如果您为类提供了移动构造函数和移动赋值运算符，则可以通过编写
移动构造函数来调用move赋值运算符。
下面的示例显示了
调用move赋值运算符的move构造函数的修订版本：

If you provide both a move constructor and a move assignment operator for your class, you can eliminate redundant code by writing the move constructor to call the move assignment operator. The following example shows a revised version of the move constructor that calls the move assignment operator:

// Move constructor.
MemoryBlock(MemoryBlock&& other)
   : _data(NULL)
   , _length(0)
{
   *this = std::move(other);
}

这个代码通过双重初始化 MemoryBlock 的值，还是编译器能够优化掉额外的初始化？我应该总是通过调用move赋值运算符写我的移动构造函数？

Is this code inefficient by doubly initializing MemoryBlock's values, or will the compiler be able to optimize away the extra initializations? Should I always write my move constructors by calling the move assignment operator?

推荐答案

我不会这样做。移动成员首先存在的原因是性能。这样做你的移动构造函数就像为超级跑车抛出巨额卡车，然后通过购买常规气体来节省资金。

I wouldn't do it this way. The reason for the move members to exist in the first place is performance. Doing this for your move constructor is like shelling out megabucks for a super-car and then trying to save money by buying regular gas.

如果你想减少代码你写的，只是不要写移动成员。

If you want to reduce the amount of code you write, just don't write the move members. Your class will copy just fine in a move context.

如果你想让你的代码具有高性能，那么你需要定制你的移动构造函数和移动赋值以尽可能快。好的移动成员会飞快的，你应该通过计算负载，商店和分支来估计他们的速度。如果你可以用4个加载/商店而不是8写一些东西，那就做吧！

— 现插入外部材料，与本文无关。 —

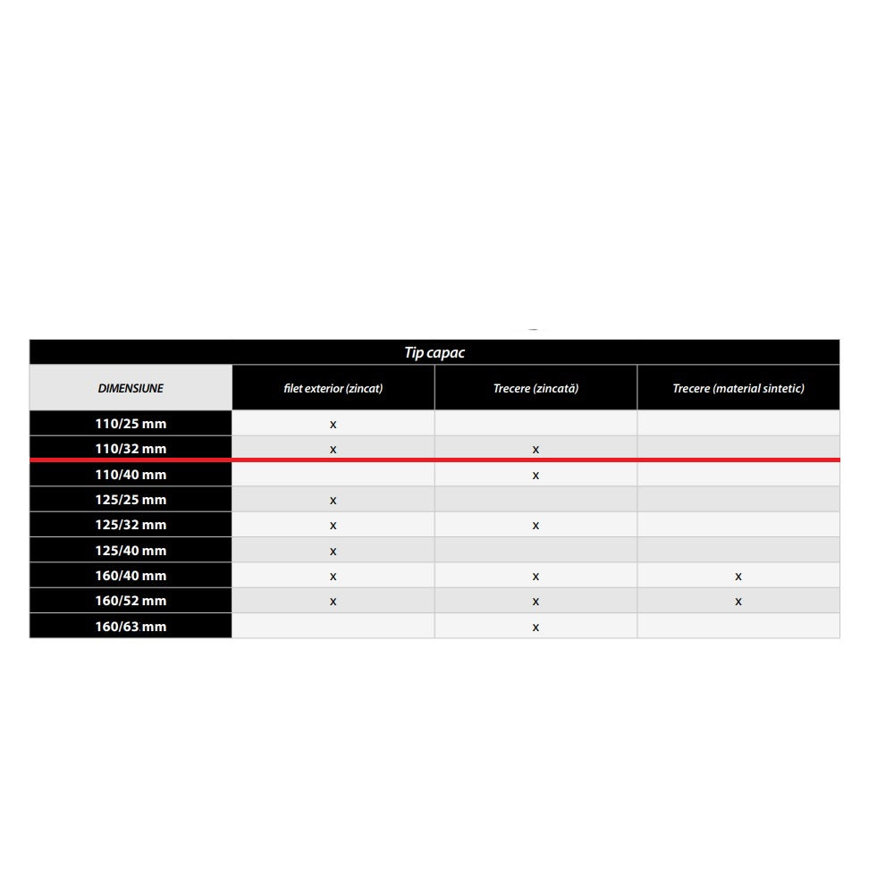 - Diametru exterior : 110mm

If you want your code to be high performance, then tailor your move constructor and move assignment to be as fast as possible. Good move members will be blazingly fast, and you should be estimating their speed by counting loads, stores and branches. If you can write something with 4 load/stores instead of 8, do it! If you can write something with no branches instead of 1, do it!

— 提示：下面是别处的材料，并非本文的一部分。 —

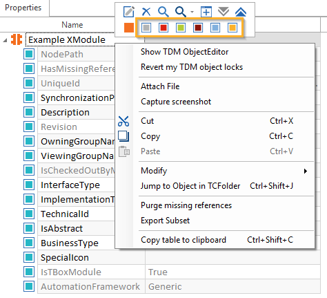 Um einen neuen Parameter zu erstellen, klicken Sie mit der rechten Maustaste auf ein XModul oder XModulattribut und wählen Sie die gewünschte Option aus der Minisymbolleiste.

当你（或你的客户）把你的类放到一个 std： ：vector ，可以在您的类型上生成很多的移动。即使你的移动在8个装载/商店快速闪电，如果你可以使它的速度提高一倍，甚至50％的速度，只有4或6个装载/商店，imho这是时间花费。

When you (or your client) put your class into a std::vector, a lot of moves can get generated on your type. Even if your move is lightning fast at 8 loads/stores, if you can make it twice as fast, or even 50% faster with only 4 or 6 loads/stores, imho that is time well spent.

我个人对看到等待游标感到厌烦，愿意捐赠额外的5分钟来写我的代码，并知道它尽可能快。

Personally I'm sick of seeing waiting cursors and am willing to donate an extra 5 minutes to writing my code and know that it is as fast as possible.

如果你仍然不相信这是值得的，写两个方法，然后检查生成的程序集在全面优化。谁知道，你的编译器可能是聪明的，以优化离开额外的负载和存储为你。但是到这个时候，你已经投入了更多的时间，比如果你刚刚编写了一个优化的移动构造函数。

If you're still not convinced this is worth it, write it both ways and then examine the generated assembly at full optimization. Who knows, your compiler just might be smart enough to optimize away extra loads and stores for you. But by this time you've already invested more time than if you had just written an optimized move constructor in the first place.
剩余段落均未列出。